# FET with day 6 blasts, anyone had success? Really need some reassurance please.



## Wendy K (Sep 26, 2005)

Hi Everyone,

I am hoping to have my FET next tuesday at IVIA , I am a bit worried   as it was scheduled for monday  may 5th, 2 day 5 blasts and I was told they would defrost them on monday am and (if they survive ) would have transfer monday pm, but I have now been phoned to say they made a mistake and would need to defrost them monday and observe them until tuesdsay (flights booked now and flying back tuesday 6.30pm!!!)
my understanding was that day 5 basts needed to be transferred ASAP as they are almost ready to hatch and implant by day 5 (if they are going to implant ) if they are not in a womb surely it will compromise them.

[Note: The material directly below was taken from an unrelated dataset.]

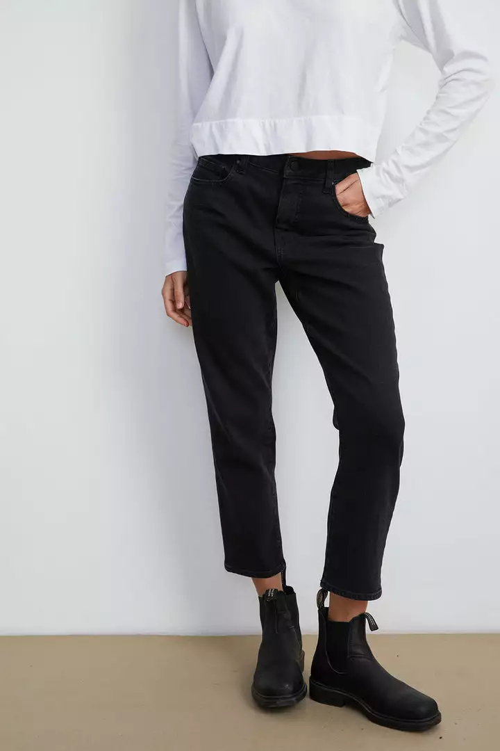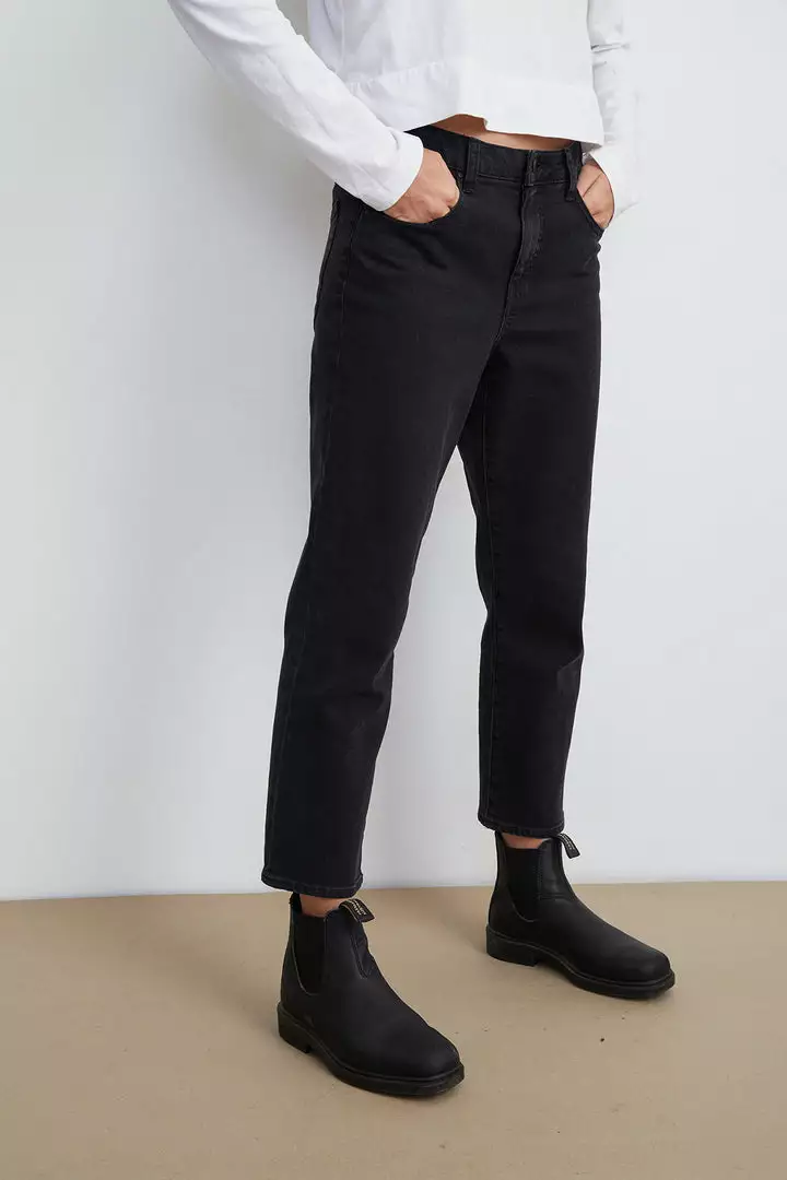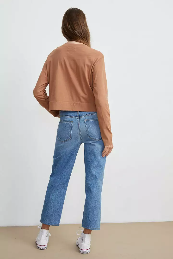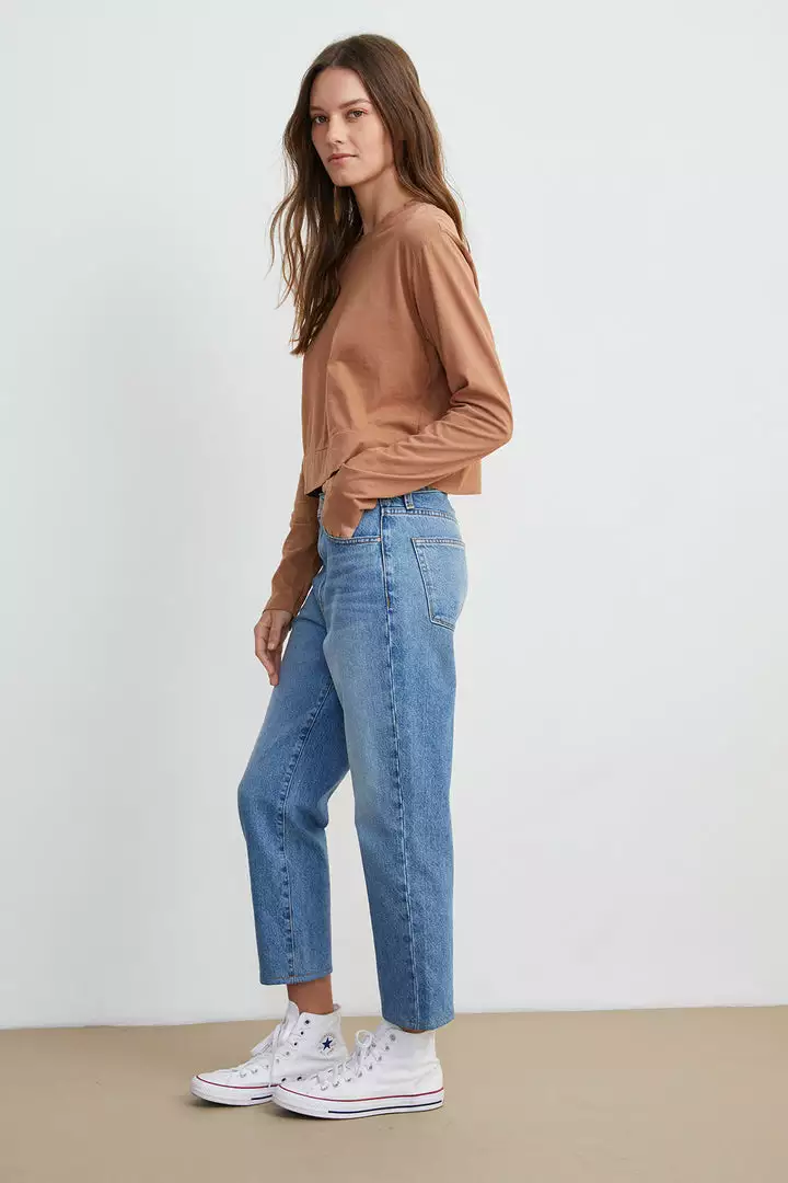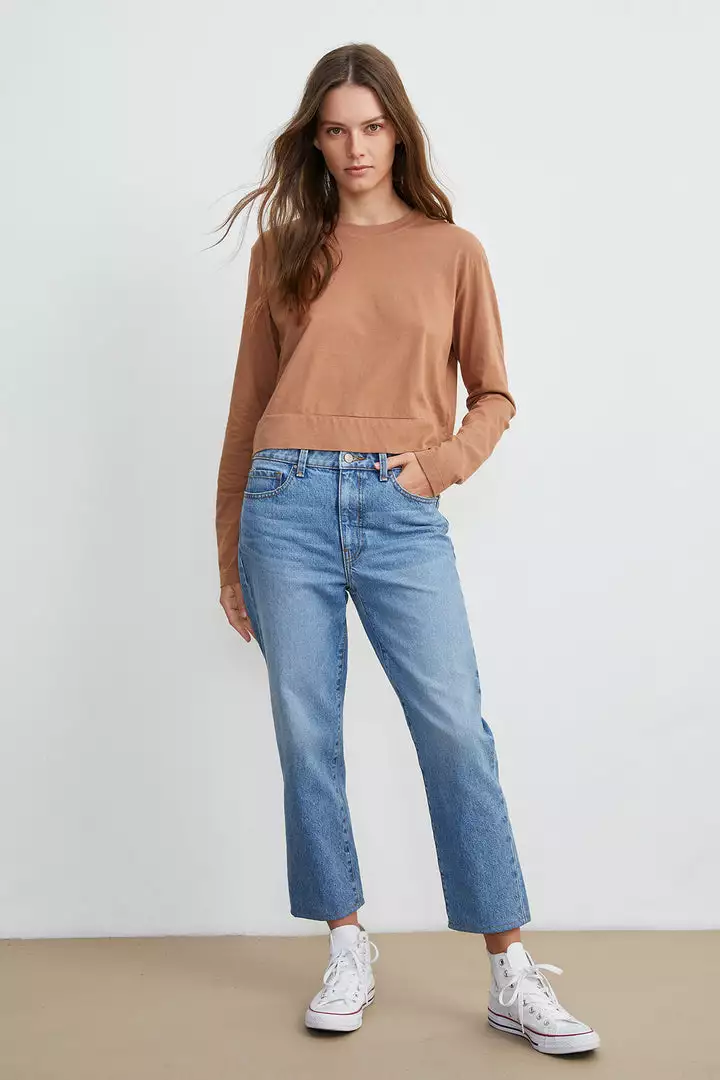 Fresh star. Crafted from our signature denim and made in Los Angeles, these medium wash blues feature a higher rise that hits at the waist, a straight leg that ends with an ankle-skimming crop (you can give an additional chop if you need). Your weekend jeans have arrived.

I am worried that they may become ready to hatch overnight when there is no one there to observe them, and no way of them being transferred, so will perish 

I was told the other day by the clinic that is scanning me here, that day 5 blasts are defrosted and then transferred virtually straight way so they are in the right place for implantation, I am now REALLY WORRIED   as day 6 seems too late and long for them to be out of their natural enviroment, and then afterwards I have to rush off for our flight home!  This seems like a preparation for failure, and it's my last go 

If anyone has any experience of this please can you help reassure me, as I am starting to get more upset by the minute 

Love and babydust to all

Wendy K


----------



## Avon Queen (Jul 8, 2007)

im sorry hun, cant advise but i would say the clinic will know what they are doing, they will be experts, ur gonna have to trust em. Maybe give them a call regards your worries and speak to a nurse, i would


----------



## sc00by27 (Sep 18, 2007)

hi there, our embryos were frozen on day 6 , one had already began to hatch , the other one was close to hatching. One didn't survive the thaw the other was badly damaged however it recovered and stuck ! i'm now 11 weeks pregnant.
i hope all goes well for you , you stand a fantastic chance with two blastocysts.  x x x x x x x x x x


----------



## oneunited (Feb 10, 2005)

I had 2 5 day old blastocycts transfered in 2005 which had both already hatched.  I now have Isobel who is 2 years old.  In a few weeks I am going through a FET.  I have 6 x 5 day old blastocycts frozen so by the time they transfer, they will be 6 days old.  My theory is the longer they survive in-vitro, the stonger the embryo and more likely to result in a BFP.  I guess there's a limit though, but as you, I'm hoping 6 days will be OK.  Good luck, keep us updated


----------



## Wendy K (Sep 26, 2005)

Hi All  

Thankyou sooo much for your kind reassuring replies, they are really appreciated 

Update from me:

BOTH my precious blasts survived   .  They started thawing them 6pm monday (wished that had said as I was waiting for a call all day and they hadn't even started the process),  but they did a really good job.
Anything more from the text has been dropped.